Hybrid Solutions – (Rigless) Gas Lift


Many operators have found that annular-flow gas lift during initial production delivers the production rates comparable to rates delivered by some electric submersible pumps (ESPs), but at reduced capital costs. As wells decline to the point where tubing flow is more efficient, traditionally a workover rig was brought in and swapped the annular system for a tubing flow system.

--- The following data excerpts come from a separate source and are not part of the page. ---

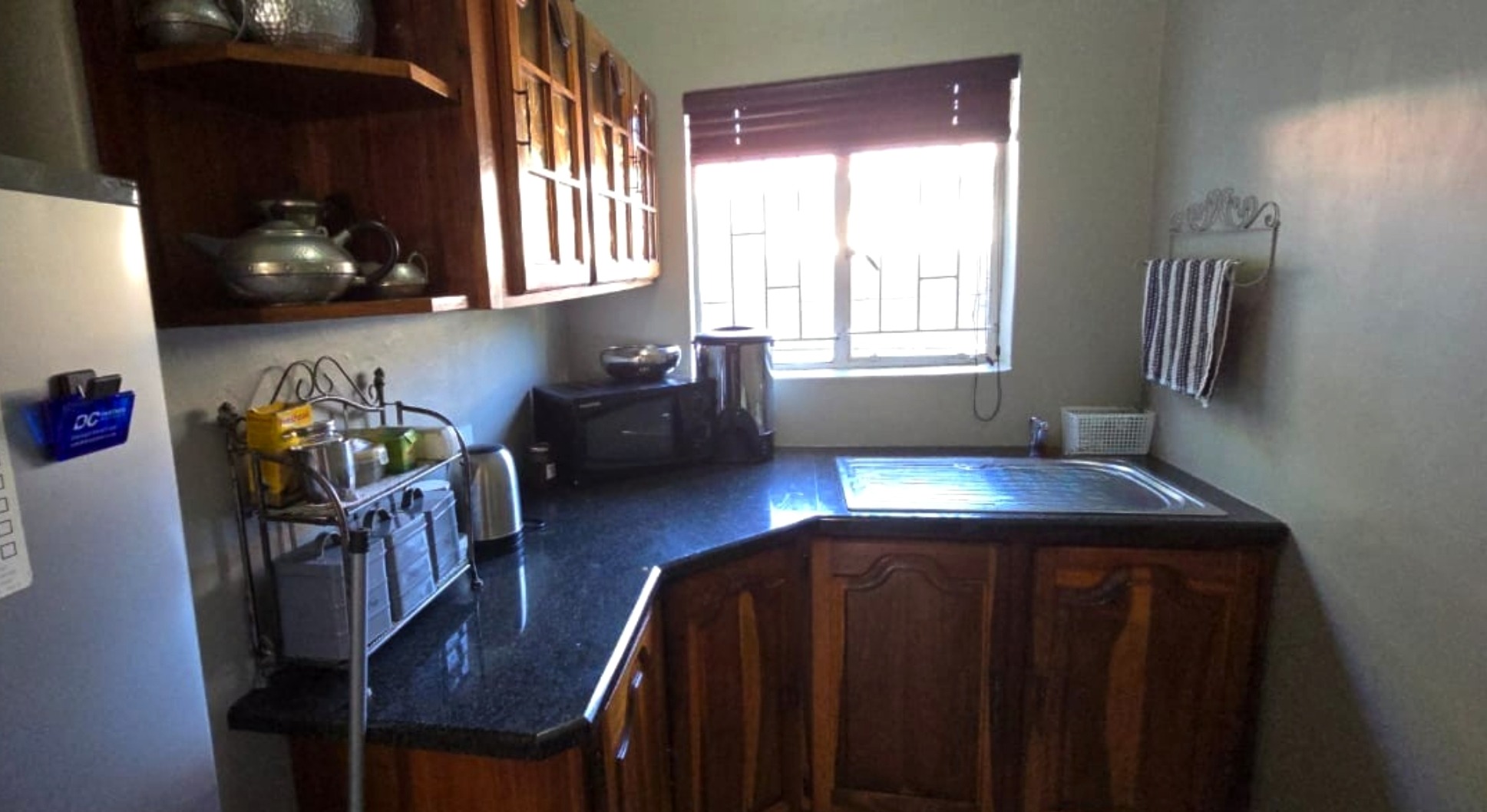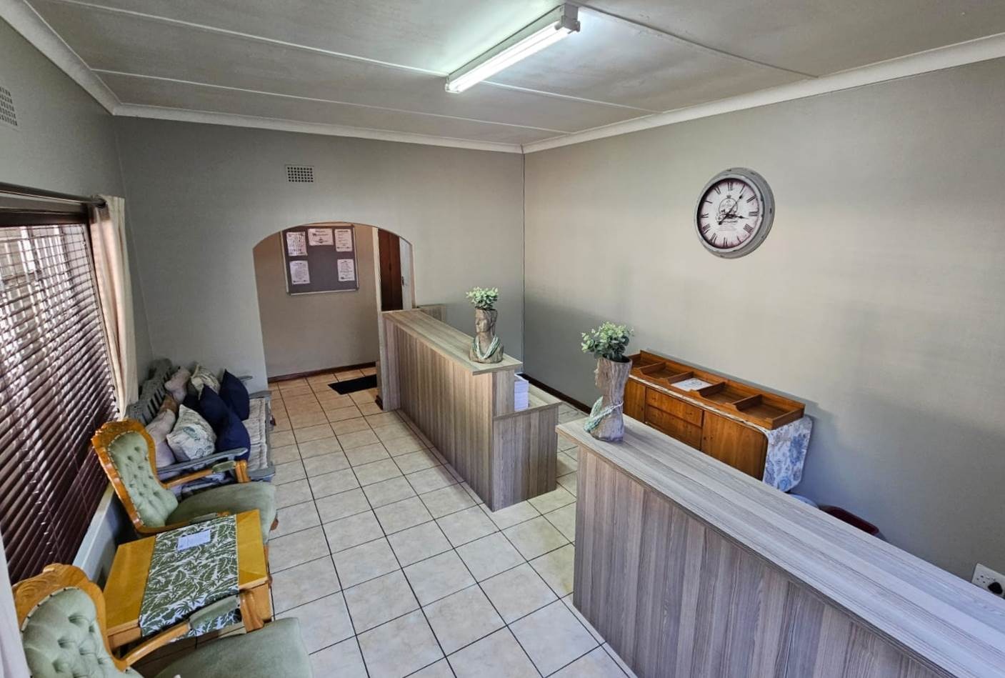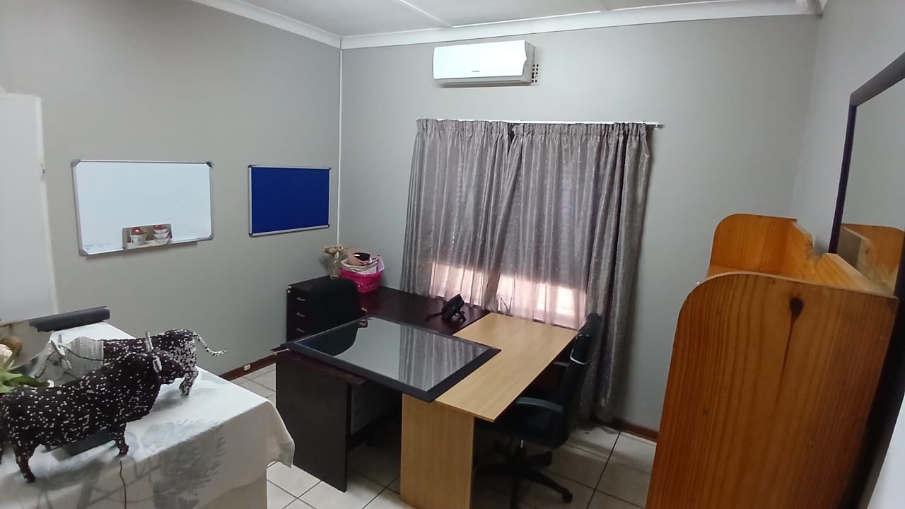 The exterior of the property is neat and functional, with paved areas and a well-maintained garden that creates a professional and welcoming environment. Additional features include a JoJo water tank, alarm system, and access-controlled gate for added security and practicality.
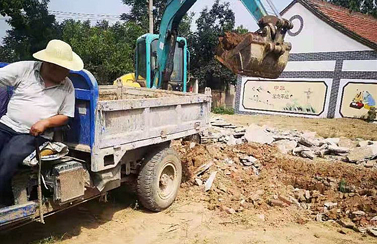 马务村清理街道砖石瓦砾、建筑垃圾残留
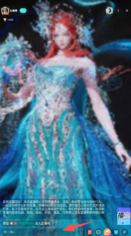 3、在直播间内,点击底部语音按钮即可开启连麦互动。
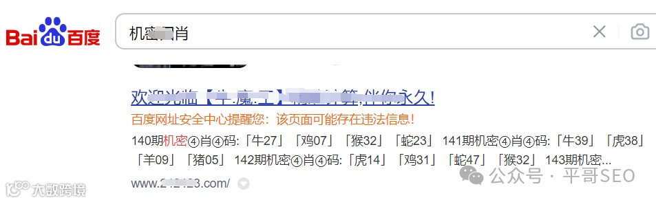 通过site语法搜索站点域名,结合一些常见的色情、菠菜类词汇,搜索结果中展现不属于网站的非法页面、非法违规标题和摘要等。
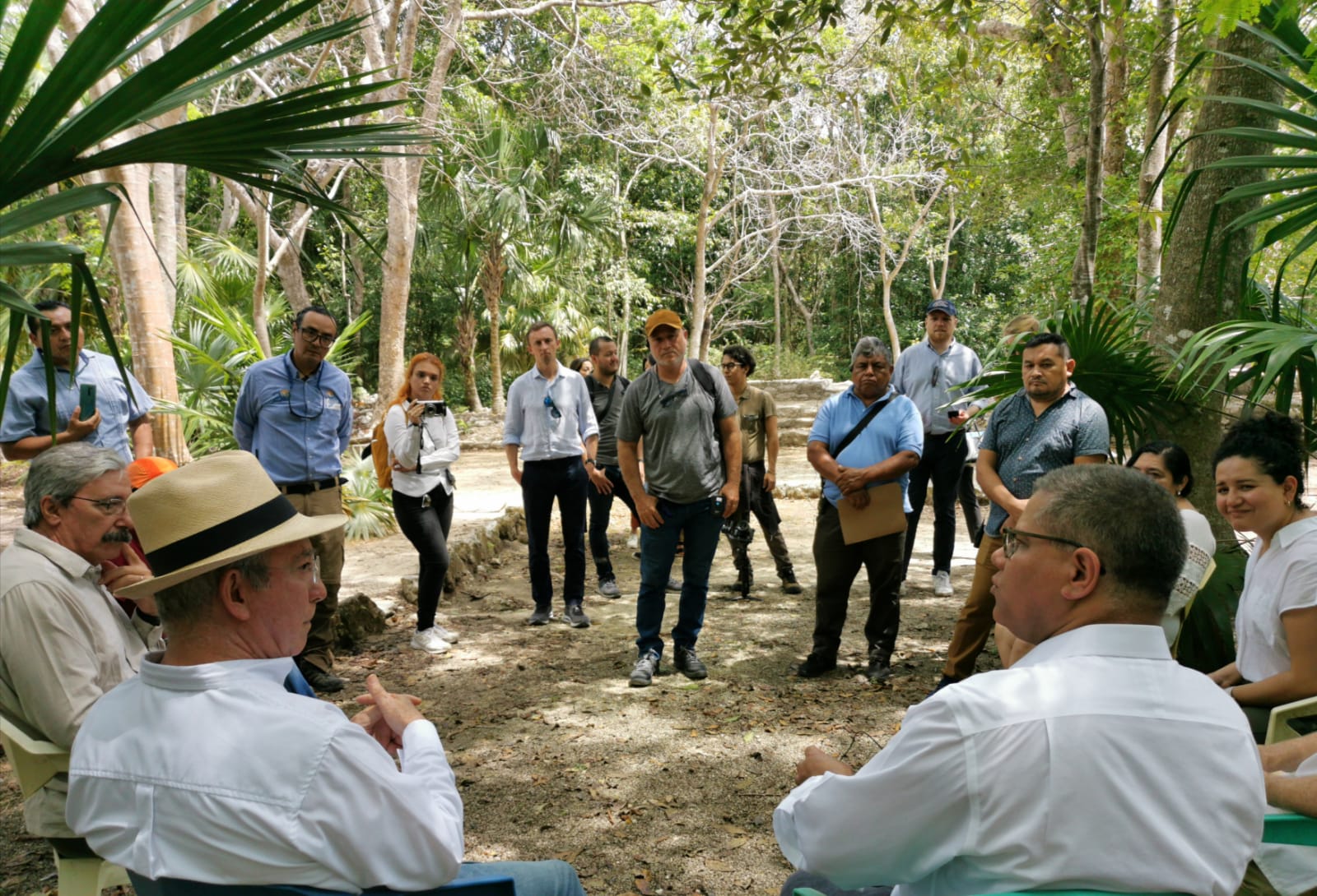 Alok Sharma y la comitiva oficial, entre los que destacó Archie Young Negociador Climático del Reino Unido, Jon Benjamin embajador del Reino Unido en México y Dominic Curran jefe del Fondo Climático Internacional de Reino Unido, visitaron la zona arqueológica de Muyil, realizaron un recorrido por sendero hasta llegar al cuerpo lagunar.

Our Hybrid Gas Lift System allows for this change-over without the workover rig and associated costs.

Continuous Flow Gas Lift System with a Continuous Flow Plunger (PAGL)


There are several reasons/scenarios why you should consider a continuous flow plunger introduced to a continuous flow gas lift system:

To lift fluids more efficiently than a standalone gas lift system
To mitigate or eliminate paraffin or scale build up in the tubing
To reduce the required gas lift injection volumes on single well sites or field gas lift systems

Intermittent Gas Lift System with a Conventional Plunger Lift System (GAPL)


An intermittent gas lift system by itself can prove to produce less than desirable results in deeper wells, strictly due to the liquid fallback and the total liquid recovered per cycle. Liquid fallback in the tubing per cycle can be as much as 10% of the initial liquid slug per 1000 feet of lift. With the addition of a conventional plunger, liquid fallback can be significantly reduced and more of the slug is delivered to the surface during each cycle.